Football's movers and shakers met in Zurich on Monday to discuss the 2022 World Cup in Qatar.
But are we any closer to finding out at what time of year the tournament will be played?
Why are we in this situation?
In 2010, Qatar stunned the football world by winning the right to stage the 2022 World Cup.
It fought off competition from the United States, Australia, Japan and South Korea to land the biggest football contest on the planet.
But almost immediately, key Fifa voters, including Franz Beckenbauer and Michel Platini, raised the prospect of moving the tournament from its traditional June/July slot to avoid the high summer temperatures in Qatar.

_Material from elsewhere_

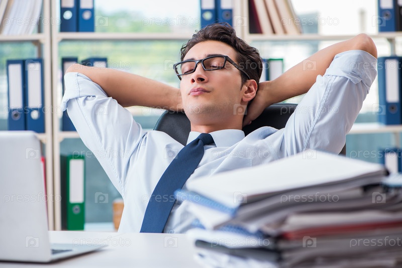 Усталый, истощенный бизнесмен сидит в офисе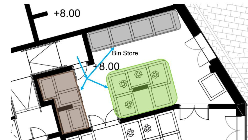 [type of solution] will be located in easy to reach areas, and will contain sufficient space to allow the separate storage of [delete as appropriate food waste, dry recyclables (including paper, glass, metal, plastic and card) and residual waste]. (Include if relevant) [Similar practices will be employed within the commercial land uses.]

Those calls intensified, prompting a unilateral attempt by Fifa president Sepp Blatter to shift the World Cup from its June and July schedule.
He was reined in by the regional confederations, who demanded they be consulted, along with the leagues, clubs and broadcasters.
So a taskforce headed by Shaikh Salman, the head of the Asian Football Confederation and a Fifa vice-president, was formed in October 2013.
In the year since, Salman has travelled the world to speak with individuals and organisations who would be affected by any change in date.
Only in the past few weeks has the real negotiating started in earnest.
Why weren't heat concerns raised earlier?
Before Qatar won the bid, Fifa was warned about - but seemingly ignored - the heat issues in a technical report that described a summer tournament as "high risk".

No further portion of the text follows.